“Just watch for the crest of the wave behind you. As soon as you begin to feel the pressure of the wave, jump up to let the wave pass. It’s important you don’t just stand there,” my missionary friend said, as we sloshed our bare feet out into the Caribbean Sea. “The wave will knock you over, if you don’t jump.”
Wanita tried to help me understand what to do, so I could enjoy our day at the beach as much as she did, but I had a hard time getting the hang of jumping waves. I spit out a lot of salty water that morning.
After a time of digesting the delicious picnic, I left my colleagues in the shade of the palm tree and headed back to the water.
When I reached the sand about ten yards from the shoreline, I stretched out my mat; dropped my beach towel displaying a huge, colorful butterfly; and slipped off my flip-flops. “Yeow!” The beastly hot afternoon sun had turned the grains of sand into tiny firebrands.
Yeowing all the way, I sprinted into the water.
Once the water had soothed the burning soles of my feet, I waded back to the morning’s position in search of a wave. Seeing one about a football field’s distance behind me, I quickly reviewed Wanita’s instructions.
The thing is, I never understood the “why” of her insistence that I not stand my ground to just wait for another wave, if I didn’t feel like jumping. It seemed to me that I could just wait for the next one. You know, like missing the 9:02 AM subway and waiting for the 9:12? What if I wasn’t ready for this wave that had begun its journey to the shore? Couldn’t I just leave it?
I turned to face the shore, anticipating the pressure of the oncoming wave behind me. Every few seconds I glanced over my shoulder to assess the huge wave’s progress. Hmmm? The closer it came, the bigger it looked. Should I just let this whopper of a wave go this time?
I considered the consequences of ignoring the veteran missionary’s instruction. Before I figured out the repercussions, the wave hit me full-force. Salty water poured into my mouth. I’d been unable to recover from the gasp in time.
Thoughts of regret mingled with a strange sensation of calm. I held the water in my mouth, knowing that to swallow it would mean vomiting it back up. The underwater voyage to the shore seemed to take forever. I desperately needed to breathe.
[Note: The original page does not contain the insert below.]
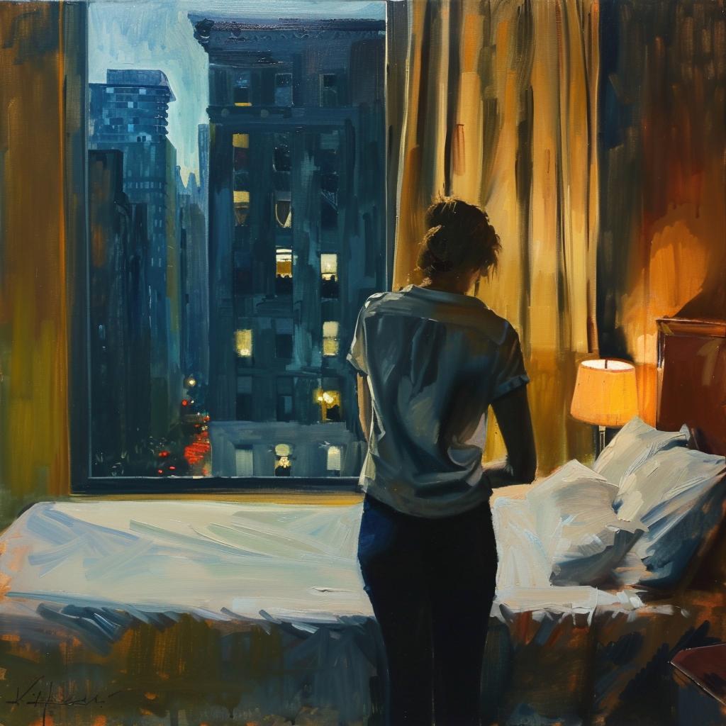Schilderij hotelkamer met vrouw aan bed edward hopper stijlOlieverf en acryl,Schilderijen€149,00 - €499,00Prijsklasse: €149,00 tot €499,00

Finally, I could wait no longer. I breathed in through my nose. Feeling the sting of the salt water, I had only one thought. Okay, now, I’m drowning. I waited to see what it felt like to die.
I took a couple more breaths and waited for death. The underwater world held an eerie silence. I remember being puzzled that I didn’t even feel like fighting it. Shouldn’t I be thrashing around, trying to get to the surface?
Immediately after that thought, the powerful wave gave a last mighty heave and thrust my limp form across the rough sand of the beach.
I felt the abrasive sand cross my face. Stunned, I tried to bring my knees up under me; but before I got a grip in the sand, the push of the follow-up wave shoved me higher, flattening me again.
Hearing Wanita’s approach, I turned and spit out the water I’d been holding. “I didn’t drown,” I said as she grabbed my arm to help me up. “Guess you’re right; I can’t just stand there.”
Yesterday morning, the above experience flooded into my thoughts in answer to my growing anxiety. As I contemplated all the technological stuff I still had to learn to meet my new goals, I told the Lord that it felt like I’d just been hit by a gigantic wave.
The memory of this day let me know that the Lord didn’t intend to let me drown now, anymore than He did that summer’s day in 1980. In addition, my anxiety would be eased if I learned from that lesson. Trust in those who have gone before me in this journey, and do what they say to do. I can learn the “why’s” as I go along; no need to understand it all before jumping the wave.
How about you? Feeling like you’re in over your head when thinking about the goals you’ve set for 2015?
Just take a deep breath; if you will give your goals step-by-step sub-points, you don’t have to learn it all at once.
You can do it! Don’t just stand there; jump that wave!